Smith: I think that the challenges that the data centers are going to have to get over is pricing – the cost of land, services, etc. Amazon just bought a tract of land in Chantilly for $73 Million USD. That’s a lot of money. If you look at the baseline on the input costs of land, then it’s relatively small, but I do believe that the challenge in some states will become how you manage these rising costs.
CAPRE: What tailwinds do local owners and operators have on their side?
Smith: These secondary markets which surround more primary areas of activity, such as Prince William County as opposed to Loudoun County, are developing in such a way that they don’t even feel they’re competing against each other. Northern Virginia has proven to the rest of the world that collaboration leads to better growth and understanding, and that’s very important. When I travel globally, the collaboration isn’t necessary as strong as it is here. Local governments here work together – they understand that the whole is greater than the sum of its parts. At the end of the day it benefits the county and the state. As an outsider who has been here for a short time, the ability for Northern Virginia to continuously generate demand is just insane. The challenge will be to manage it more collectively, as more and more counties acquire more business. After all, Loudoun County is running out of space.
CAPRE: What do you think will the biggest change in the industry as we proceed through 2020?
Smith: I hate to say this, but it’s the Edge.

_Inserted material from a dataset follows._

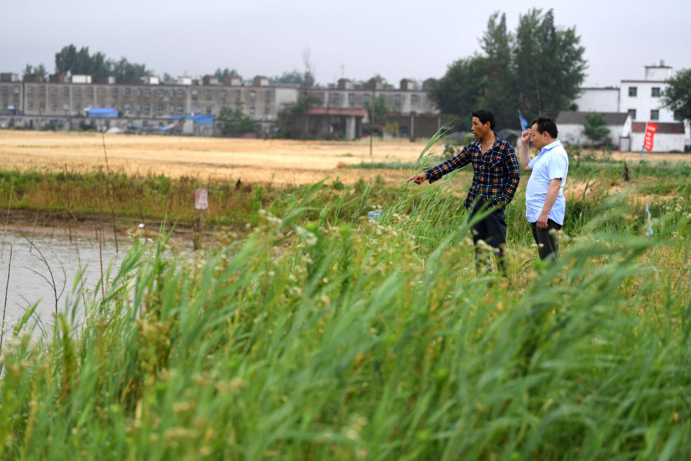 ?鄭加衛(右)在了解汪李村貧困戶的魚塘養殖情況。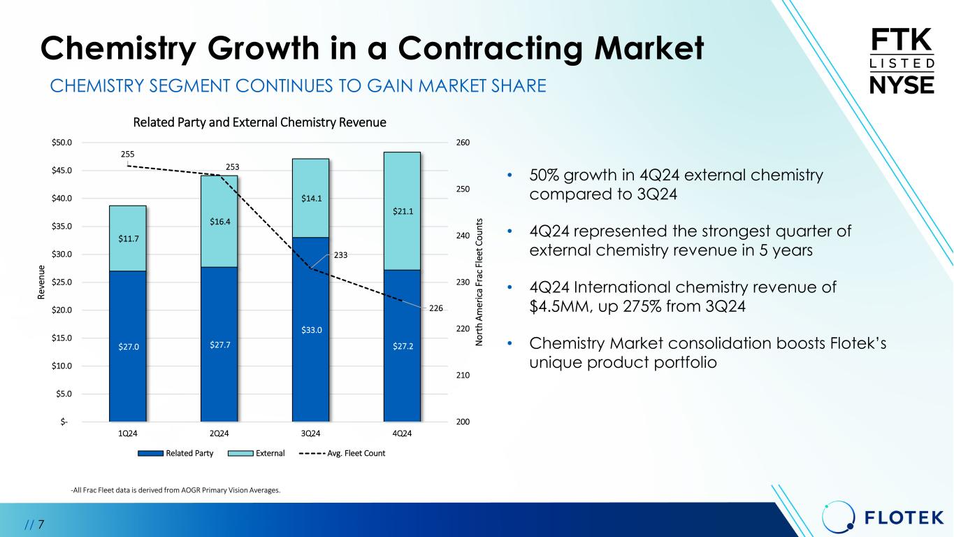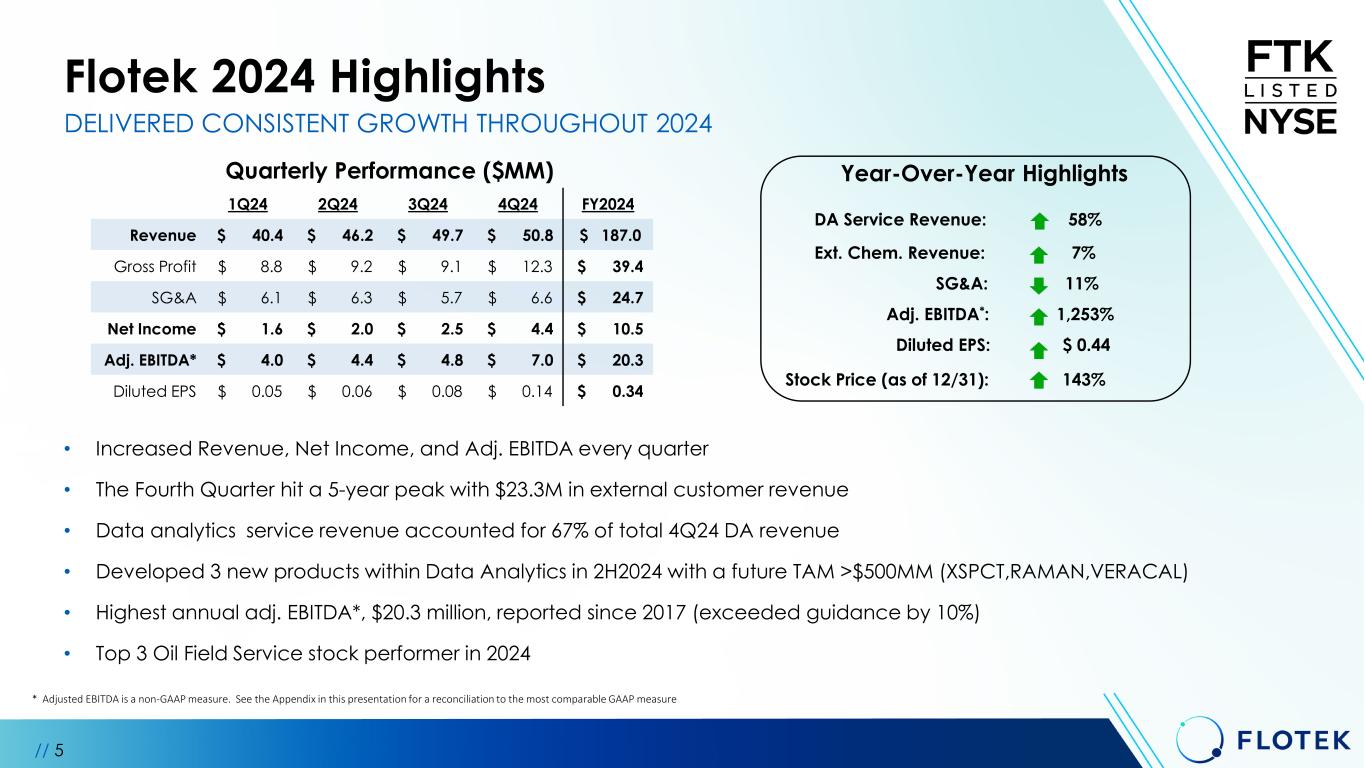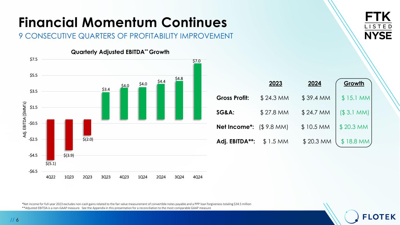 •每季度增加收入、净收入和Adj. EBITDA •第四季度达到5年峰值,外部客户收入为2330万美元•数据分析服务收入占4Q24 DA总收入的67% • 2H2024在Data Analytics内部开发了3个新产品,未来TAM > 500mm(XSPCT、RAMAN、VERACAL)•最高年度adj. EBITDA*,2030万美元,报告了自2017年以来(超出指引10%)• 2024年1Q24 2Q24 3Q24 4Q24 FY2024收入$ 40.4 $ 46.2 $ 49.7 $ 50.8 $ 187.0毛利润$ 8.8 $ 9.2 $ 9.1 $ 12.3 $ 39.4 SG & A $ 6.1 $ 6.3 $ 5.7 $ 6.6 $ 24.7净收入$ 1.6 $ 2.0$ 2.5 $ 4.4 $ 10.5调整后EBITDA*$ 4.0 $ 4.4 $ 4.8 $ 7.0 $ 20.3摊薄后每股收益$ 0.05 $ 0.06 $ 0.08 $ 0.14 $ 0.34 Flotek 2024亮点//5实现了贯穿始终的增长2024*调整后EBITDA是一种非GAAP衡量标准。请参阅本演示文稿中的附录,了解与最具可比性的GAAP衡量标准季度业绩(百万美元)的对账同比亮点DA服务收入:58% Ext. Chem。收入:7% SG & A:11% Adj. EBITDA*:1,253%摊薄EPS:0.44美元股价(截至12/31):143%

The Edge is still a buzzword that’s not clearly defined. But over the next 12-24 months, specifically in 2020, there will be a purer understanding of how the Edge can be monetized and what kind of value we can derive from it. I really believe that is something that will happen this year. I’m excited about that because I’m still coming to grips with what the edge is and how we’re going to make it work.
South African born, Lee Smith is the founder of DataCenterDNA LLC, a boutique firm which consults and advises on aspects that impact and improve operational sustainability and resilience, strategy, the expansion of mission-critical data centers, as well as education and skills development. Lee has more than 30 years of data center industry experience, ranging from planning, design, commissioning and integration, to infrastructure services management, software engineering and operations. He’s established himself as an expert in mission-critical data centre consulting on the African continent for more than a decade.